There are two main seasons which are dry and rainy in Nigeria. In the dry season, the temperature of soil varies between 30 and 45 °C, while it changes from 20 to 30 °C during the dry season. The ability of bacteria in soil to break down crude oil is remarkably affected by the average temperatures, pH, and nutrients in the soil that are quite different by seasons.

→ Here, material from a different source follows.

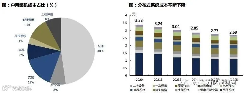组件价格大趋势向下,分布式系统度电成本不断下降,户用投资收益逐步显现。

For the experiment that is conducted incubation of Pseudomonas sp and Bacillus sp at the different temperature from 20 to 44 °C and for different time from 6 to 24days, both of bacteria showed the highest amount of degradation of bonny light oil at 36 °C. The amount of degradation of crude oil diversified according to the temperature. For example, Pseudomonas sp which is incubated for 24days decomposed 59.1% and 67.6% of crude oil at 28 °C and 36 °C respectively. In the case of Bacillus sp, it broke down each 71.4% and 77.8% of crude oil at 28 °C and 36 °C. The lowest amount of crude oil was degraded at 44 °C by Pseudomonas sp and at 20 °C by Bacillus sp.

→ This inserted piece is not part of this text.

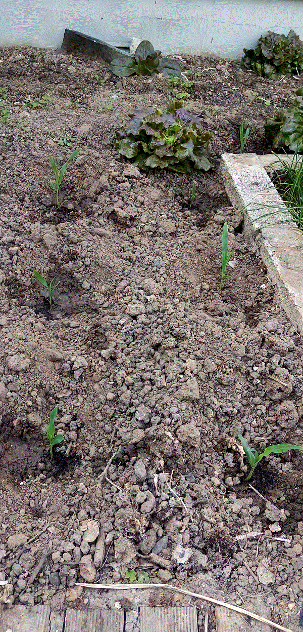 Hier en rentrant, plantation de 8 pieds de maïs doux.
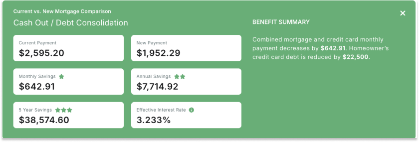 Compare mortgage outcomes, including savings, rate and payment. You can also share this information with the homeowner.

Exposure of both bacteria to the crude oil at 28 °C for 14days showed a different level of BLCO degradation depending on pH level. At pH 7.0, the largest degree of crude oil degradation was seen by Bacillus sp, while Pseudomonas sp decayed BLCO the most at pH 7.4. After its peak decomposition of crude oil, the level of degradation decreased drastically no matter how high pH was.

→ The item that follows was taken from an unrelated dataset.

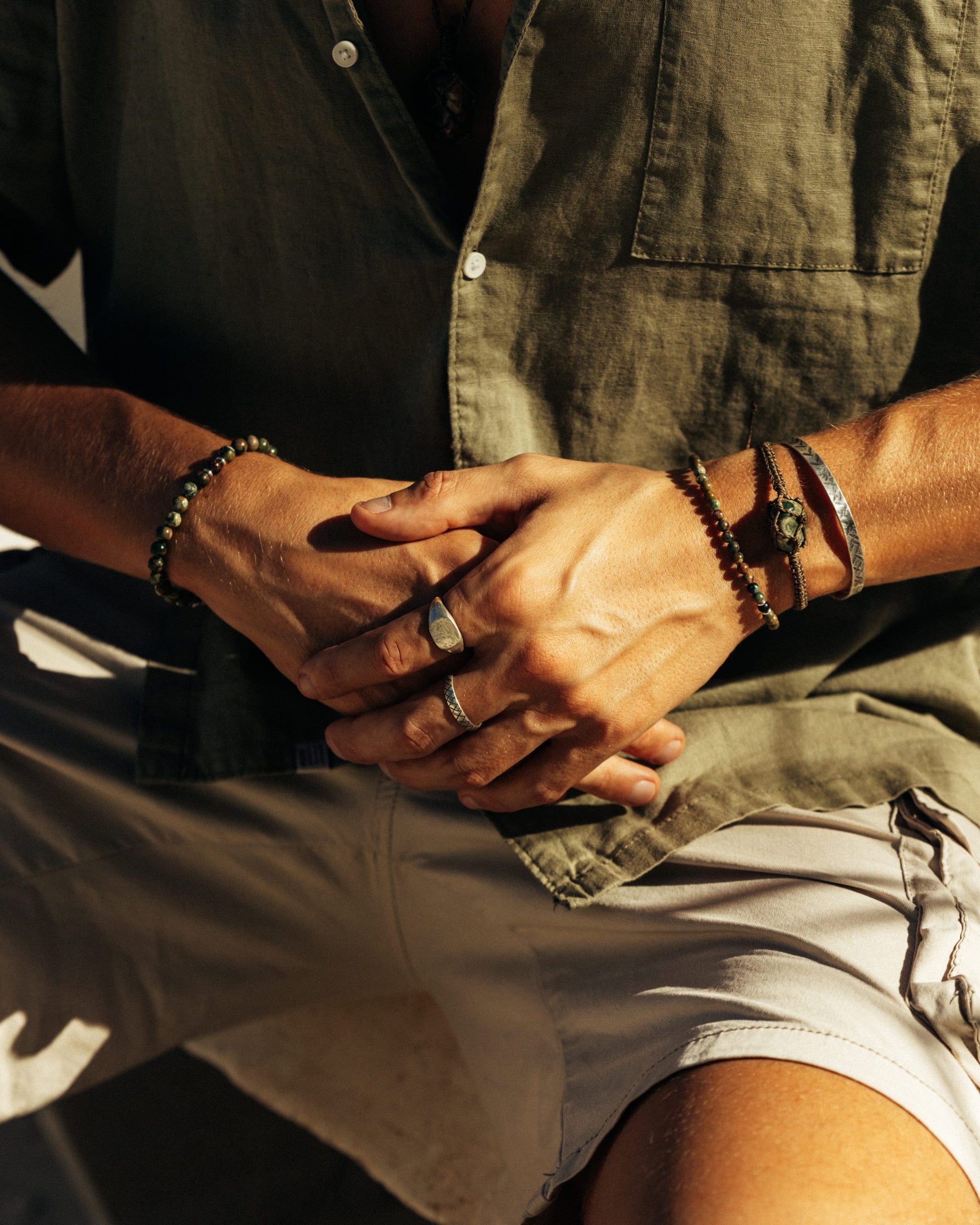 Bracelet made of 6mm diameter Rhyolite natural stones with a 4mm diameter Bronzite center stone.

The abilities of decomposition differ but it has proved that some bacteria in soil are capable of biodegradation of bonny light oil. Therefore, those bacteria can contribute to purifying soil that are polluted by crude oil.

===Tadpole===
The tadpoles of African clawed frog were treated with 10,20, or 30 ppm of Water soluble fraction (WSF), Water insoluble fraction (WIF), and whole crude (WC). Although the exposure to these substances did not cause death, the weights of the tadpoles were affected. After being released for two weeks, whole crude or its WSF aroused weight loss in the tadpoles. In the case of WIF, weight loss happened only when 30 ppm of it was exposed to the tadpoles. In contrast to it, when tadpoles were contacted with WC or its fractions for four weeks, all the tadpoles lost their weight. The weight loss of tadpoles suggests the harmful effect of chemicals and a high Malondialdehyde (MDA) level indicates tissue damage of tadpoles.

After four weeks of exposure, the level of MDA remarkably increased in the proportion to the amount of crude oil, and liquid peroxidation was the highest in the tadpoles which are treated with WSF. Compared to two weeks of exposure, the activities of antioxidant enzymes, such as SOD and glutathione reductase (GR), were reduced in week 4.